* [EXERCISE PROMPT] With every picture left out, restate the listing below exactly as written.

* [AVAILABLE DATA]
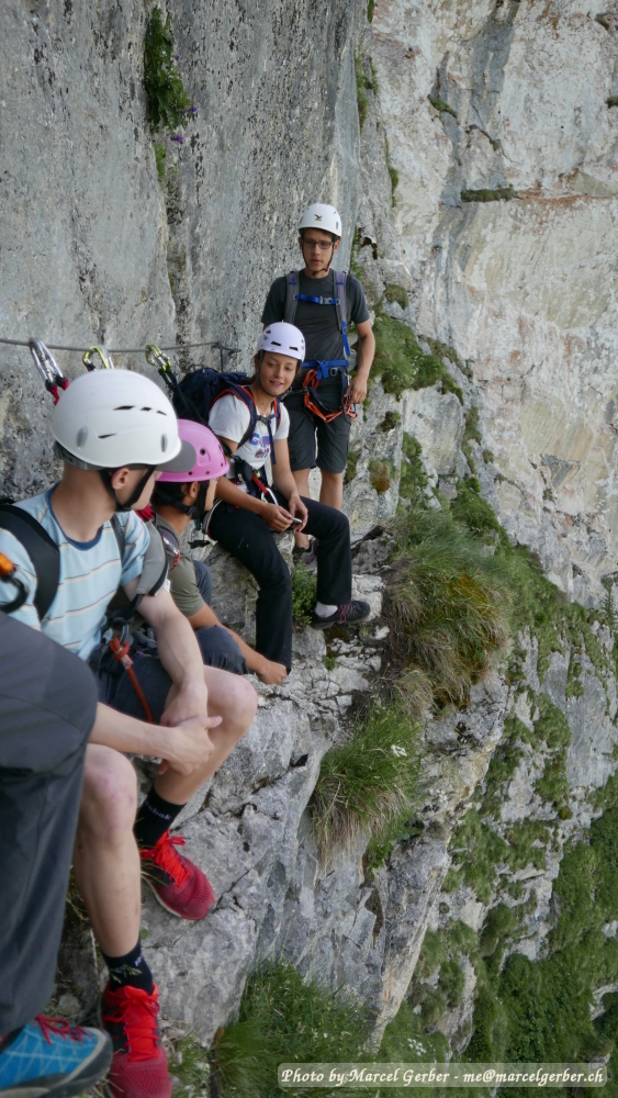 La voie est plein soleil, il est donc préférable de commencer assez tôt. Nous avons pu dépasser un groupe du CAS avec René le chef de bande et ses 3 acolytes, dont deux débutaient. Heureusement, car sinon, les attentes aux relais auraient été longues. Il faut compter entre deux heures et demie et trois heures pour arriver au dernier relai. Après il faut encore compter à peu près une heure et demie de descente en rappel.
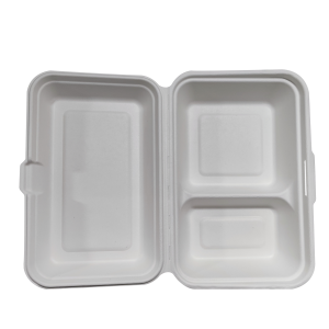 - Bagasse Clamshell1000ml 2-compartment Clamshell
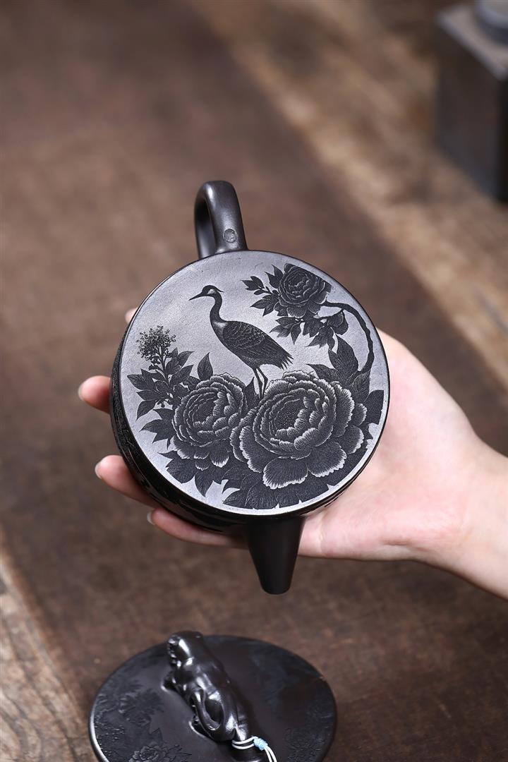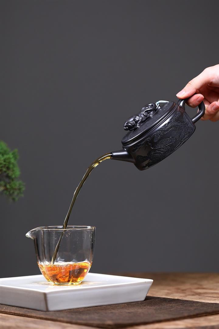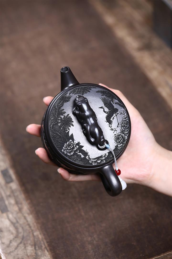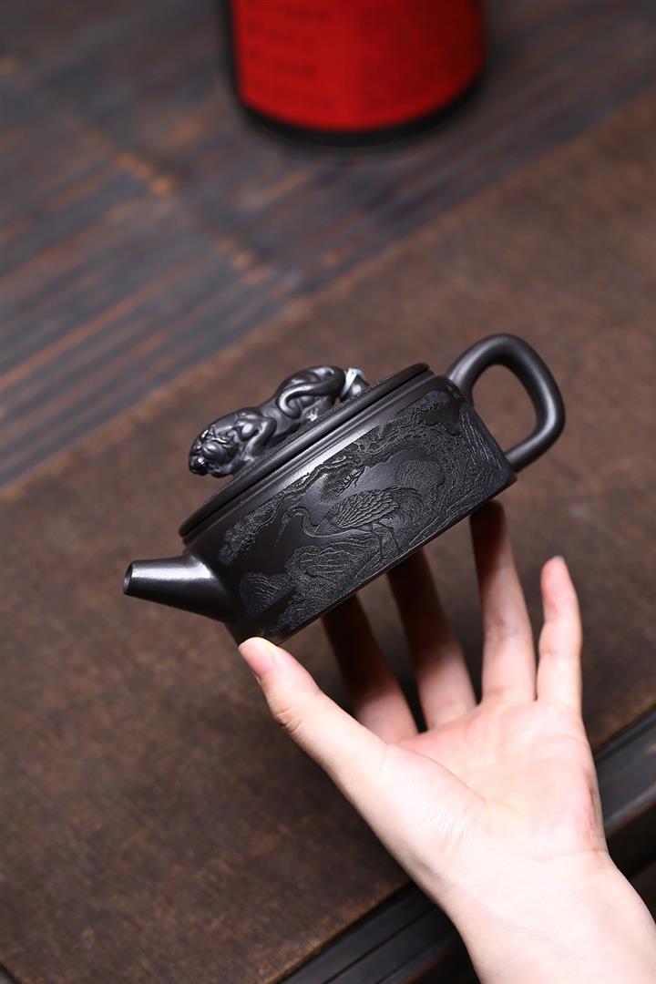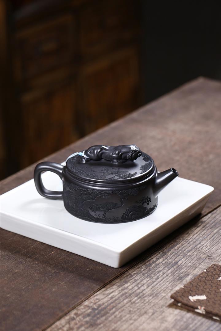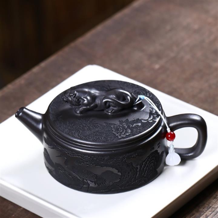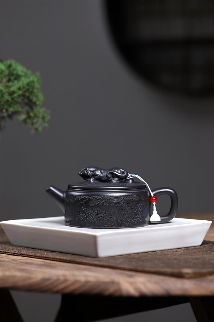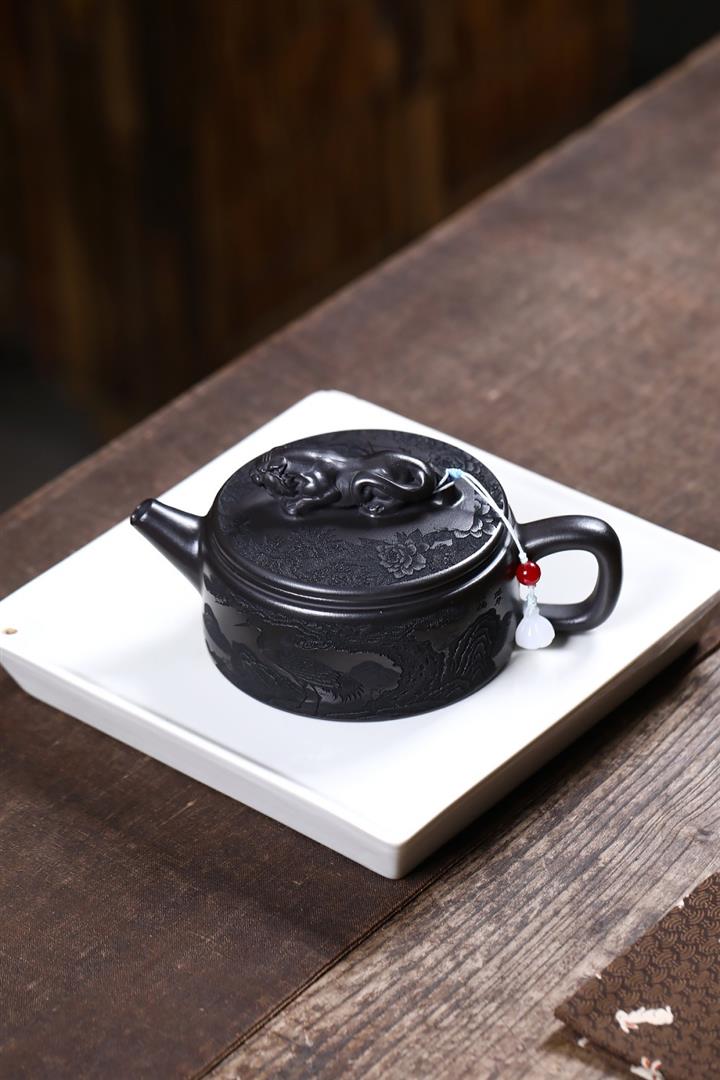 480cc原礦石黃泥滿刻萬馬奔騰茶壺POT7973

* [TASK RESULT]
 La voie est plein soleil, il est donc préférable de commencer assez tôt. Nous avons pu dépasser un groupe du CAS avec René le chef de bande et ses 3 acolytes, dont deux débutaient. Heureusement, car sinon, les attentes aux relais auraient été longues. Il faut compter entre deux heures et demie et trois heures pour arriver au dernier relai. Après il faut encore compter à peu près une heure et demie de descente en rappel.
 - Bagasse Clamshell1000ml 2-compartment Clamshell
 480cc原礦石黃泥滿刻萬馬奔騰茶壺POT7973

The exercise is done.